Diversification Opportunities for American Well and Teladoc

0.63
  Correlation Coefficient

Poor diversification

The 3 months correlation between American and Teladoc is 0.63. Overlapping area represents the amount of risk that can be diversified away by holding American Well Corp and Teladoc in the same portfolio, assuming nothing else is changed. The correlation between historical prices or returns on Teladoc and American Well is a relative statistical measure of the degree to which these equity instruments tend to move together. The correlation coefficient measures the extent to which returns on American Well Corp are associated (or correlated) with Teladoc. Values of the correlation coefficient range from -1 to +1, where. The correlation of zero (0) is possible when the price movement of Teladoc has no effect on the direction of American Well i.e., American Well and Teladoc go up and down completely randomly.

Pair Corralation between American Well and Teladoc

Given the investment horizon of 90 days American Well Corp is expected to generate 1.76 times more return on investment than Teladoc. However, American Well is 1.76 times more volatile than Teladoc. It trades about 0.07 of its potential returns per unit of risk. Teladoc is currently generating about 0.01 per unit of risk. If you would invest  835.00  in American Well Corp on July 25, 2024 and sell it today you would earn a total of  176.00  from holding American Well Corp or generate 21.08% return on investment over 90 days.
Time Period3 Months [change]
DirectionMoves Together 
StrengthSignificant
Accuracy100.0%
ValuesDaily Returns

American Well Corp  vs.  Teladoc

 Performance 
       Timeline  
American Well Corp 

Risk-Adjusted Performance

5 of 100

 
Weak
 
Strong
Modest
Compared to the overall equity markets, risk-adjusted returns on investments in American Well Corp are ranked lower than 5 (%) of all global equities and portfolios over the last 90 days. Despite quite uncertain basic indicators, American Well disclosed solid returns over the last few months and may actually be approaching a breakup point.
Teladoc 

Risk-Adjusted Performance

0 of 100

 
Weak
 
Strong
Very Weak
Over the last 90 days Teladoc has generated negative risk-adjusted returns adding no value to investors with long positions. In spite of rather sound basic indicators, Teladoc is not utilizing all of its potentials. The latest stock price tumult, may contribute to shorter-term losses for the shareholders.

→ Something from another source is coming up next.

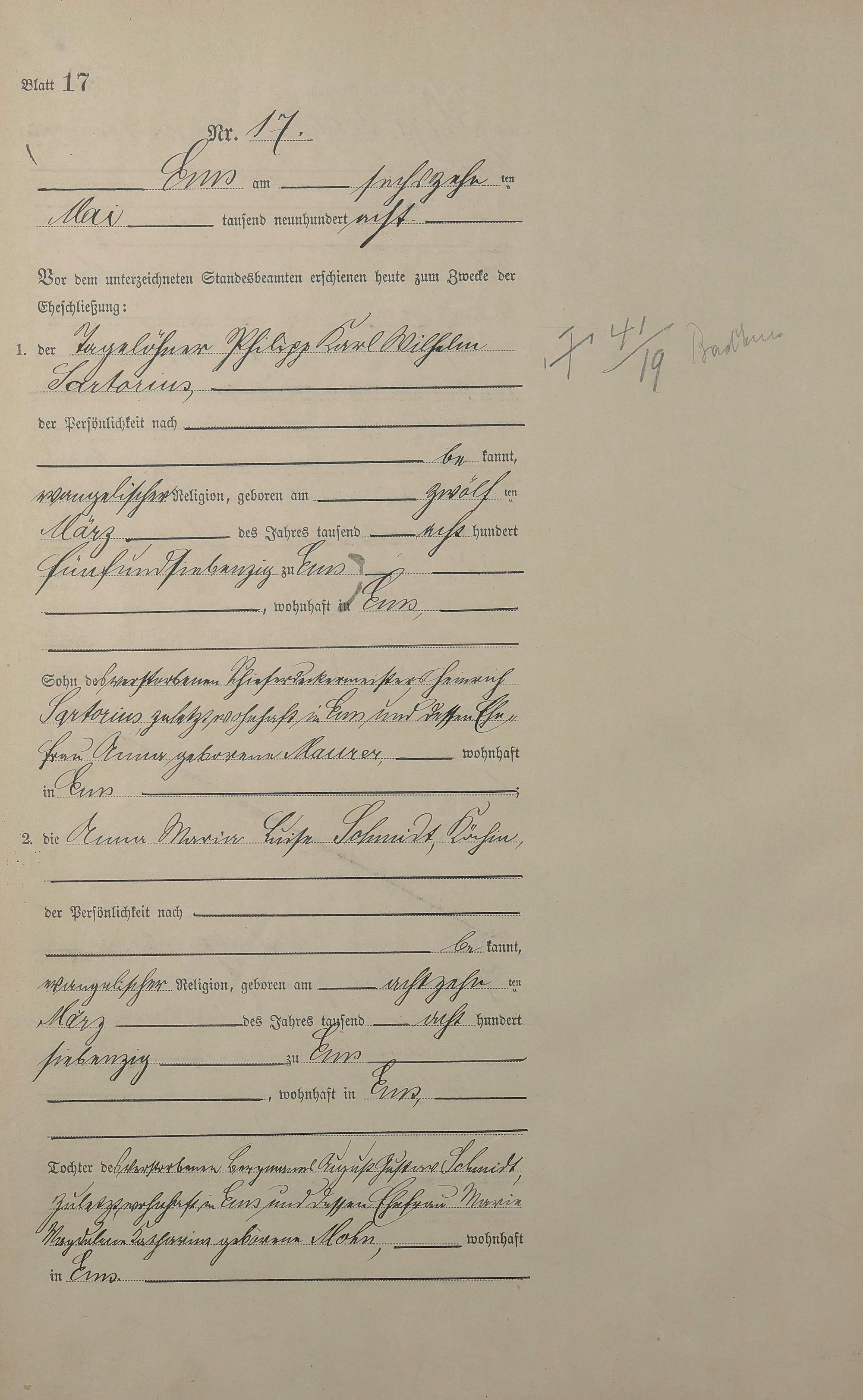 1384: Heiratsregister 1908
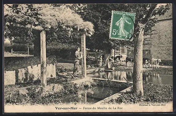 AK Ver-sur-Mer, Ferme du Moulin de La Roc et scène rurale avec animaux

American Well and Teladoc Volatility Contrast

   Predicted Return Density   
       Returns  

Pair Trading with American Well and Teladoc

The main advantage of trading using opposite American Well and Teladoc positions is that it hedges away some unsystematic risk. Because of two separate transactions, even if American Well position performs unexpectedly, Teladoc can make up some of the losses. Pair trading also minimizes risk from directional movements in the market. For example, if an entire industry or sector drops because of unexpected headlines, the short position in Teladoc will offset losses from the drop in Teladoc's long position.
The idea behind American Well Corp and Teladoc pairs trading is to make the combined position market-neutral, meaning the overall market's direction will not affect its win or loss (or potential downside or upside). This can be achieved by designing a pairs trade with two highly correlated stocks or equities that operate in a similar space or sector, making it possible to obtain profits through simple and relatively low-risk investment.
Check out your portfolio center.
Note that this page's information should be used as a complementary analysis to find the right mix of equity instruments to add to your existing portfolios or create a brand new portfolio. You can also try the Instant Ratings module to determine any equity ratings based on digital recommendations. Macroaxis instant equity ratings are based on combination of fundamental analysis and risk-adjusted market performance.